%%

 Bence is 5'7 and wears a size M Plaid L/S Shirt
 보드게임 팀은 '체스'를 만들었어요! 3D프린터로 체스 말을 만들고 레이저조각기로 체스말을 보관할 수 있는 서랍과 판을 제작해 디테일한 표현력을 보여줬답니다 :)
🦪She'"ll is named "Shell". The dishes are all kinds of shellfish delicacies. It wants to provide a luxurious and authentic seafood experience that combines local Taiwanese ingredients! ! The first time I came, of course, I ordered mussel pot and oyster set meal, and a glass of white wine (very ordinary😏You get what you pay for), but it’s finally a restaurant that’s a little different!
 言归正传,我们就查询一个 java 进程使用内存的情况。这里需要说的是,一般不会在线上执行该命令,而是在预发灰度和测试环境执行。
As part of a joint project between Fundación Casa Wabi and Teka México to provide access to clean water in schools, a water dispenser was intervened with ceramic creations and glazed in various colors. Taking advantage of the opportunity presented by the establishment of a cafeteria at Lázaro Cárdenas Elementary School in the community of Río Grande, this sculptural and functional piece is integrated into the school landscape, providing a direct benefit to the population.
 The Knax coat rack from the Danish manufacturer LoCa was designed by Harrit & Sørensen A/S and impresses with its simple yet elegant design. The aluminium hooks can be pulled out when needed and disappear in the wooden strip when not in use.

%%
%%

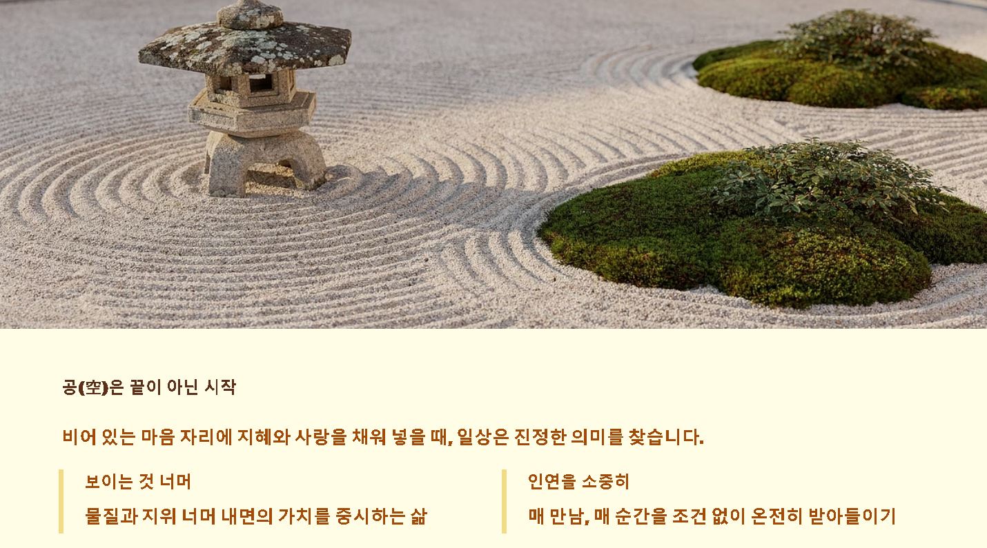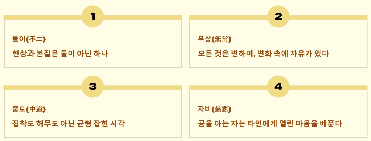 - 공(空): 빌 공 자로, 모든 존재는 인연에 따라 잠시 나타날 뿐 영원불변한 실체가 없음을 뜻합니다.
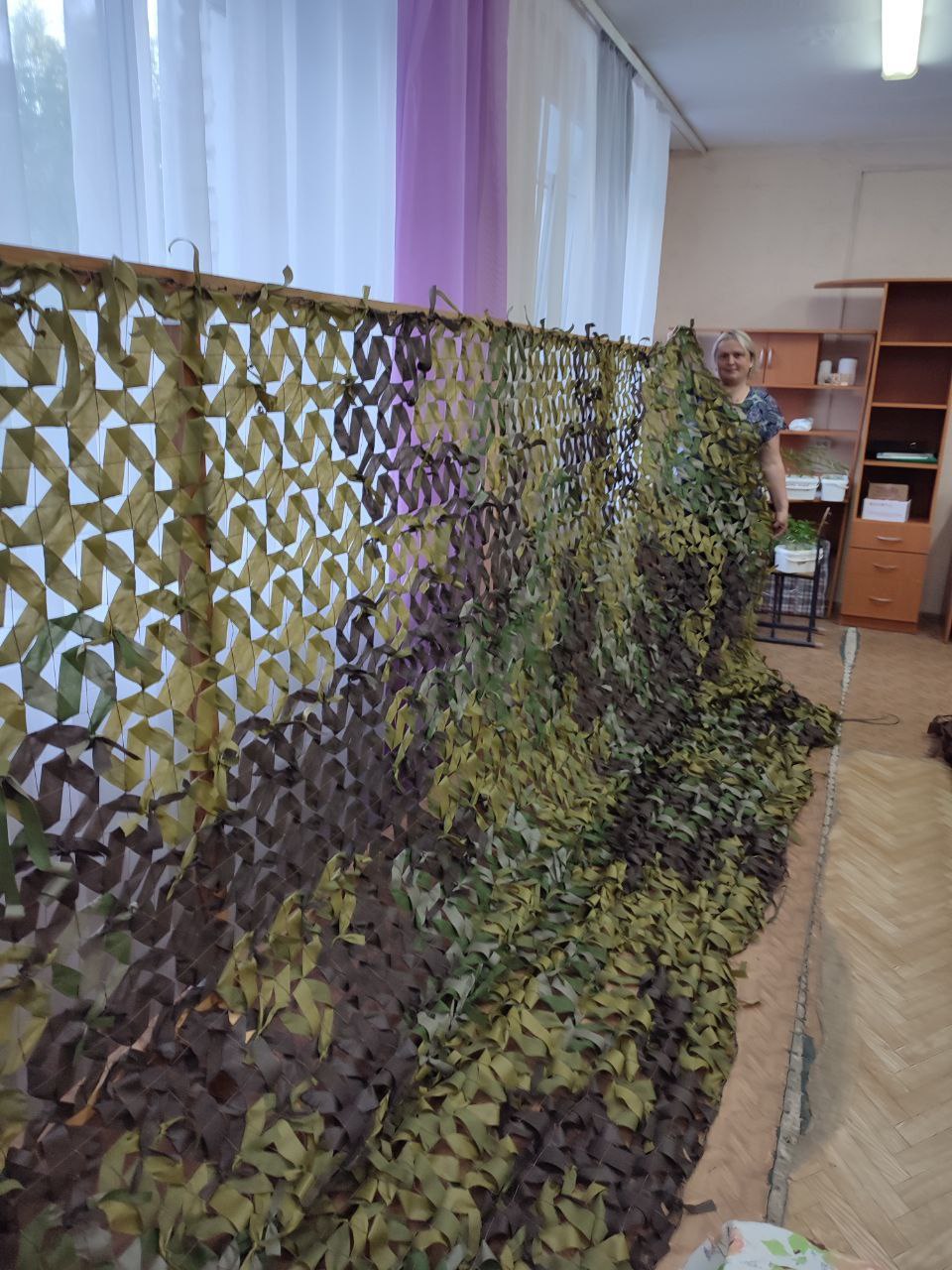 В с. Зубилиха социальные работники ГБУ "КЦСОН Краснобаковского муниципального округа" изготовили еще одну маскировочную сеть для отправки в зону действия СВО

%%

## TASK PROMPT
Give back exactly, and solely, the section of the data above bounded by the line containing "- 공(空): 빌 공 자로, 모든" and the line containing "В с. Зубилиха", both bounding lines included and pictures omitted.

## REPLY
 - 공(空): 빌 공 자로, 모든 존재는 인연에 따라 잠시 나타날 뿐 영원불변한 실체가 없음을 뜻합니다.
 В с. Зубилиха социальные работники ГБУ "КЦСОН Краснобаковского муниципального округа" изготовили еще одну маскировочную сеть для отправки в зону действия СВО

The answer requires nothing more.